Uma boa notícia: no papel, Portugal está na vanguarda – assinou as convenções internacionais, integrou-as na legislação nacional. Uma má notícia: da teoria à prática vai alguma distância. Uma e outra serão dadas esta quinta-feira num seminário, no Centro de Estudos para a Integração Social (Cesis), em Lisboa.

O encontro servirá para apresentar os resultados do projecto Impact – Melhorar e Monitorizar os Sistemas de Protecção Contra o Tráfico e a Exploração de Crianças. Partindo de uma revisão da legislação e da bibliografia, o trabalho passa por conversas com profissionais, mas também com crianças e jovens em risco.

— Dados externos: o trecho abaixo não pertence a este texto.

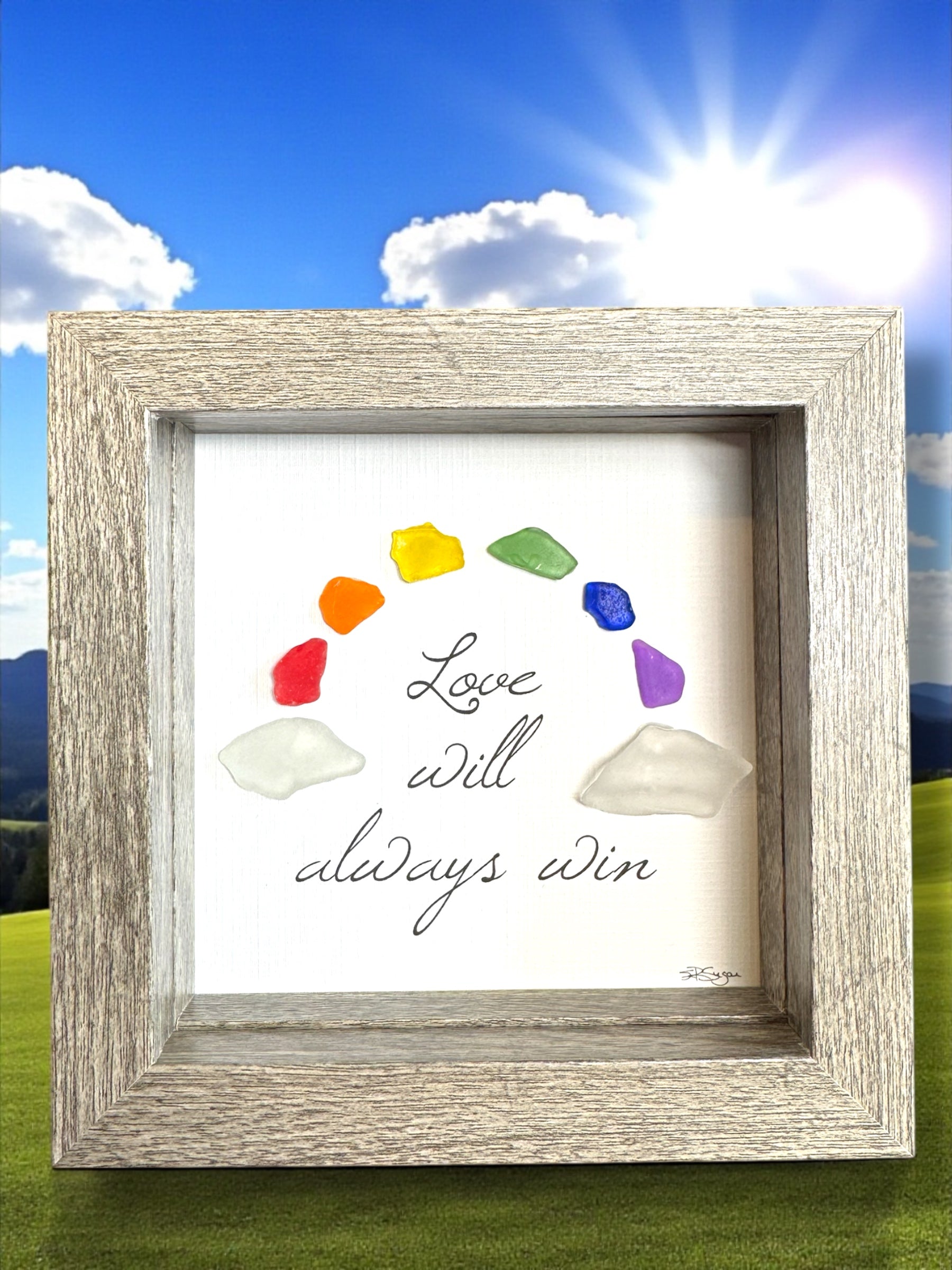 Bring a burst of color and joy into your home with this vibrant 5x5 inch sea glass art piece featuring a stunning rainbow with fluffy clouds on each end. Crafted from genuine sea glass in green and blue sea glass and color enhanced shades of red, orange, yellow, purple. This rainbow is a beautiful representation of hope and promise.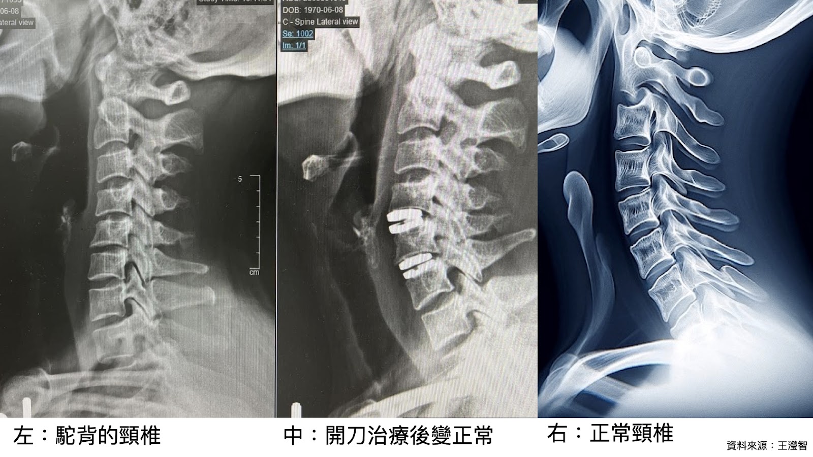 傳言提到「每天半小時去外面放風箏,一個星期頸椎全好了」。MyGoPen 致電諮詢臺北市中山醫院骨科醫師、長庚大學助理教授王瀅智,他表示表示,頸椎正常的時候,就是一個稍微前凸(lordosis)的狀態,但是低頭族的「頸椎前傾」(Forward head posture)會變成像是烏龜頸,脖子前傾的角度就會變窄,臨床上常常可以看到病患的側面 X 光頸椎整個往前、變成一直線。王瀅智指出,人體在標準站姿時,頭部的重量大約佔體重的 10 分之 1,也就是體重 60 公斤的人,頸部大約需要承重 6 公斤,但是當滑手機、看螢幕時,假設低頭前傾 30 度,這時力矩 3 倍、頸椎需支撐的重量變成 18 公斤,而前傾 45 度時,頸椎要承重 5 倍、也就是 30 公斤。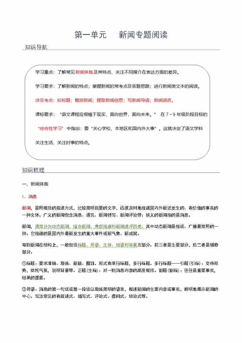第一单元 新闻专题阅读(学生版)

Quer o tráfico, quer a exploração de crianças se servem de lacunas existentes nos sistemas de protecção, adianta Pedro Perista, investigador do Cesis, a entidade que desenvolveu este projecto em Portugal – outras o fizeram na Grécia, em Itália e em Chipre. Algumas foram identificadas. Por exemplo: continua a haver crianças na rua, como se o sistema de protecção não existisse.

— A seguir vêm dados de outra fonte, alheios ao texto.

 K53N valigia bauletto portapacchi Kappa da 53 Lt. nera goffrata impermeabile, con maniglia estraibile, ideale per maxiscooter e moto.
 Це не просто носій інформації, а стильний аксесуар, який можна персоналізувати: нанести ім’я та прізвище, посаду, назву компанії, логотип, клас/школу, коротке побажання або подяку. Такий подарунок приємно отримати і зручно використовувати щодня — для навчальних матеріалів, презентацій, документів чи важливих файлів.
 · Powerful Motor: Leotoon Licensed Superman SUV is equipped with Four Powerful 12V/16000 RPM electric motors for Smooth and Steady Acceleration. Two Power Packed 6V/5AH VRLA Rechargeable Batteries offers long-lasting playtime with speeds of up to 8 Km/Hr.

No documento, que apresentará, manifesta preocupação com os efeitos da crise. Cresce o desemprego e a precariedade, diminui o rendimento das famílias, aumenta o custo de saúde, reduzem-se apoios sociais. No meio desta espécie de vendaval, até que ponto se pode garantir “o funcionamento pleno das entidades de primeira linha e das Comissões de Protecção de Crianças e Jovens”?

Parece-lhe que neste instante se anda para trás. Encontraram sinais de recuos na luta contra o trabalho infantil. Haverá “poucas inspecções proactivas que tornem possível à inspecção do trabalho reportar casos de vítimas de tráfico”. Além disso, “apenas um número limitado de inspectores/as do trabalho foram especificamente formados/as para lidar com as questões do tráfico”.

O investigador reconhece melhorias, inclusive no caso das crianças desacompanhadas requerentes de asilo/refugiadas e vítimas de tráfico. Mas lembra, por exemplo, que, pela lotação dos centros destinados a vítimas de tráfico, algumas são acomodadas em estruturas sem vocação específica – casas-abrigo para vítimas de violência doméstica, na maior parte dos casos.

O Código Penal, há pouco revisto, penaliza “quem, por qualquer meio, recrutar, aliciar, transportar, proceder ao alojamento ou acolhimento de menor, ou o entregar, oferecer ou aceitar, para fins de exploração, incluindo a exploração sexual, a exploração do trabalho, a mendicidade, a escravidão, a extracção de órgãos, a adopção ou a exploração de outras actividades criminosas".

O número de condenações por tráfico mantém-se baixo. E isso leva os investigadores a questionarem-se sobre “possíveis lacunas nos procedimentos de investigação e de apresentação dos casos em tribunal”. A indemnização a vítimas também está quase por explorar, o que indiciará falta de informação.

No final do relatório que resulta do projecto, consta uma série de recomendações: que o país leve a lei à prática, assegure “uma estratégia coerente, continuada e de longo prazo, centrada no superior interesse das crianças”; garanta, “apesar dos constrangimentos orçamentais, que o enfoque das políticas seja nas necessidades das crianças”; e dê formação contínua aos diversos agentes envolvidos na protecção e prevenção.